Тюремная камера — несколько метров отнятого у вселенной пространства. Мы стоим на пороге, силимся рассмотреть, кто здесь.

Пятеро обреченных женщин. Одну звали Лариса, ка в «Бесприданнице». Такая же высокая, похожая на цы­ганку, — дочь священника. Ее часто видели на цент­ральной улице. Оборванная, голодная, она выкрикивала по-немецки проклятия, и над ней смеялись проходящие солдаты. Война отняла у нее рассудок. Какое-то время ее терпели, потом забрал патруль.

Вторую звали Катя. Очень красивая, но лицо все время закрывала, лежала, отвернувшись к стене. Только и знали в камере, что попала в тюрьму из лагеря воен­нопленных.

Третья не назвала даже имени.

Иногда к ним заходил русский доктор — крупный рыжеватый человек лет под сорок. Из-под халата у не­го виднелись сапоги. Вера рассмотрела: наши, красно­армейские, какие носил командный состав. По всему, этот доктор такой же пленник, как его больные, ко­торым он ничем не может помочь. У него нет лекарств. Правилами не предусмотрено облегчать участь осуж­денных. Доктора приводят только для «порядка». Он может спрашивать о здоровье, давать советы, а если ему удается перешепнуться о чем-то, так это останется с ним, ведь и он обречен.

Все женщины молчаливо признали за мамой особое положение: ее тяжко пытали. И когда врач осторожно приподнимал у нее на плечах заскорузлую от крови и ' гноя рубаху, камера замирала как одно существо. Вера Антоновна не сразу, но заставила себя посмотреть — и не выдержала, заплакала:

—      Боже мой, что сделали с человеком!

—      А видели бы вы ее раньше, — тихо ответила са­мая молчаливая. — Это не за простое дело.

Без единой кровинки мамино лицо. Не по памяти представляю его — по растрескавшейся фотографии, чудом сохраненной на войне братом. Две детских голо­вы подпирают ее плечи, она в середине, между нами: блестящие счастливые глаза, еле сдерживаемая улыбка и легкая морщинка между бровями.

Надо стереть весь свет, оставить напряженные бро­ви, увидеть совсем другие глаза.

Нет, не могу. Вера Антоновна говорит, что мама бы­ла очень бледной, но спокойной. И попросила вдруг: «Верочка, улыбнитесь мне».

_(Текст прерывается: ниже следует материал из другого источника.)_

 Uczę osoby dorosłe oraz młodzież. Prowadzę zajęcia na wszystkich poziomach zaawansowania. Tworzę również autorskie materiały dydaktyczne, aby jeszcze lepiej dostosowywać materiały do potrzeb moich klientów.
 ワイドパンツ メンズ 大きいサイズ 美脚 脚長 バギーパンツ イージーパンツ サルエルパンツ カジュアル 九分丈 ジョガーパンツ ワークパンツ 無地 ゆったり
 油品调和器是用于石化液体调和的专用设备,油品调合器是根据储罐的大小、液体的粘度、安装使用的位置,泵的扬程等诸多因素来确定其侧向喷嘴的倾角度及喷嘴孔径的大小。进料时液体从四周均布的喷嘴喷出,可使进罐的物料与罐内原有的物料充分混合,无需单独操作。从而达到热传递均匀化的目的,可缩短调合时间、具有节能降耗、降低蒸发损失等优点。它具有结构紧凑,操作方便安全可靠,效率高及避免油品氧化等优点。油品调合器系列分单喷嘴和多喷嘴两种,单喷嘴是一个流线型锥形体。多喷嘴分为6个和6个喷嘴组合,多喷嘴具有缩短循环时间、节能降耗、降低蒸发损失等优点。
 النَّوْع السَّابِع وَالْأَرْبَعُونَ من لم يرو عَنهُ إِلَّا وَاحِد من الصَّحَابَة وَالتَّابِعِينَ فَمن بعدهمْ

Это было в тот вечер, когда Марина Малакович от­крыла себя.

Времени уже почти не оставалось. А с воли по-пре­жнему никаких вестей. Значит, о ней не знают.

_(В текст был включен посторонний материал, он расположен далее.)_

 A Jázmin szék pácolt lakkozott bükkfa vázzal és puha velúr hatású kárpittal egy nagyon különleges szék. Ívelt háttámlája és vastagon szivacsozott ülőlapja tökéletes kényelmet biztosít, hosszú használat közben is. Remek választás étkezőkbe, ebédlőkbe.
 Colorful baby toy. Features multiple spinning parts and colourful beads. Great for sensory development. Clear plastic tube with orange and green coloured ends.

Хоть в чем-то повезло: не одиночка. Последние ее спутницы — женщины, , замученные, растоптанные, жизнь затаилась, почти замерла в них, лишь тугой комо­чек сердца еще стучит, стучит о любимых, о доме... Со­всем молодые... Врач не скрыл от нее, что их ждет.

Вера. Страдающие глаза. Человек в ней не сломлен. А может, она и выживет?.. Пусть выживет — за всех! Пусть дождется!..

Ни документов, ни поручителей, а вот поверила. Ли­цу, глазам, доброму их выражению в этих нечеловече­ских обстоятельствах. Как верила всегда — всем серд­цем.

Да, иногда ошибалась и сейчас платила за ошибку самой высокой платой. Но святое свое непрощение не перенесла на всех, не ожесточилась, не отвернулась от человеческих лиц. Только острее и беспощаднее виде­ла теперь сквозь грим страстей и страданий.